* [ABOUT THIS EXERCISE]:
The records follow. Count the lines holding "them" and give only the number.

Recorded data
--- START ---

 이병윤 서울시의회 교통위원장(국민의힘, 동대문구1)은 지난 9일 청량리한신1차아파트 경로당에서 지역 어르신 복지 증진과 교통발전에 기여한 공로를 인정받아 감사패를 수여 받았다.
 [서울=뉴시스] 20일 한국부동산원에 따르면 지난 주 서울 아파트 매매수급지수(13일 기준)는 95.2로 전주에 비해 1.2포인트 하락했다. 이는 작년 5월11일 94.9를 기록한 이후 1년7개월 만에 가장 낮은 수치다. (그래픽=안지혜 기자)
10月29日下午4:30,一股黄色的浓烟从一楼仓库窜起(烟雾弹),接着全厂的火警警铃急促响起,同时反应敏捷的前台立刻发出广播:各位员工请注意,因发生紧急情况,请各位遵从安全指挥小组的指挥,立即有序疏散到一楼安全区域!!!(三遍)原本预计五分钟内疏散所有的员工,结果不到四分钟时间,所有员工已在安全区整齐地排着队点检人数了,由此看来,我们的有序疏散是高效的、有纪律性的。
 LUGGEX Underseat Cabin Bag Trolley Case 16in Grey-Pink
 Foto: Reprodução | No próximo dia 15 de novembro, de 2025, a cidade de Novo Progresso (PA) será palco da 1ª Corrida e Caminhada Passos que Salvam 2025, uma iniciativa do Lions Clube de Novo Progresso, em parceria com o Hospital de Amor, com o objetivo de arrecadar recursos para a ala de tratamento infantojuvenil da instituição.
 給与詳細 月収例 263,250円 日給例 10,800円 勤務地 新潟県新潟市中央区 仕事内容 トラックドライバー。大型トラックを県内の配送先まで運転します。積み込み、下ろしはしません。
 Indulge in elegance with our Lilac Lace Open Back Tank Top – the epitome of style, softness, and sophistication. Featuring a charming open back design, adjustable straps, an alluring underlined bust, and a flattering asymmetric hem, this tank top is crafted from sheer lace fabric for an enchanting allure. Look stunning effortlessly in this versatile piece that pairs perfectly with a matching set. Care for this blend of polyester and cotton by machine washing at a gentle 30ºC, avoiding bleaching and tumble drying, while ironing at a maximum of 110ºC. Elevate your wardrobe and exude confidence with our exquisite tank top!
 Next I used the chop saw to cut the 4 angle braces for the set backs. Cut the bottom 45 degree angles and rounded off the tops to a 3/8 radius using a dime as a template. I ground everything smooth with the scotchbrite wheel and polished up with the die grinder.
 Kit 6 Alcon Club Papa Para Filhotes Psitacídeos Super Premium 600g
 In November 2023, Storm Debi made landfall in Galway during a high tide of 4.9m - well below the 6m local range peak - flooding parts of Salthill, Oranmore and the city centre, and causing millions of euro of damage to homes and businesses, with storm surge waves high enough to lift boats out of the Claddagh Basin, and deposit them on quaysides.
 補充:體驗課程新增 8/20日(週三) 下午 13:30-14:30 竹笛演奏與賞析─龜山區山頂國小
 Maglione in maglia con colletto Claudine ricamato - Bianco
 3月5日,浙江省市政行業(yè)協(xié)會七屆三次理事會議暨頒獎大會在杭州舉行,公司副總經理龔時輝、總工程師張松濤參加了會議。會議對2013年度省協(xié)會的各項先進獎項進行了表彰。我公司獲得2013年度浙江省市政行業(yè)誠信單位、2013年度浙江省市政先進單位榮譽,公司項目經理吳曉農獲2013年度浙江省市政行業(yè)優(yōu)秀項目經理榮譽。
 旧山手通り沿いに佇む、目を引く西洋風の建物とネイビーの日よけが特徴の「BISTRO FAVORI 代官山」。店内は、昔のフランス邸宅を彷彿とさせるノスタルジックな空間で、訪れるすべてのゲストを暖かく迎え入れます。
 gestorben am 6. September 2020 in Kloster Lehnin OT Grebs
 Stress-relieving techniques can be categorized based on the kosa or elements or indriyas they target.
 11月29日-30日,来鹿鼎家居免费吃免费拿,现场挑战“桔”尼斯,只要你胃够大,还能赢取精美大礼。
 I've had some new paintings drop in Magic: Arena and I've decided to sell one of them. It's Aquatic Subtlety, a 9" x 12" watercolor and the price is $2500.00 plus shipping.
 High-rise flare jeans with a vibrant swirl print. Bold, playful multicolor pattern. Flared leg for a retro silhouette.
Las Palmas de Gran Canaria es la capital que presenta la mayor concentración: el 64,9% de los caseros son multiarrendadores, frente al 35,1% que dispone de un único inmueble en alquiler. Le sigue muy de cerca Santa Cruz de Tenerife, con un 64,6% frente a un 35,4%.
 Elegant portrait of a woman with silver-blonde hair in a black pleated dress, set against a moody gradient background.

--- END ---

* [ANSWER SECTION]:
2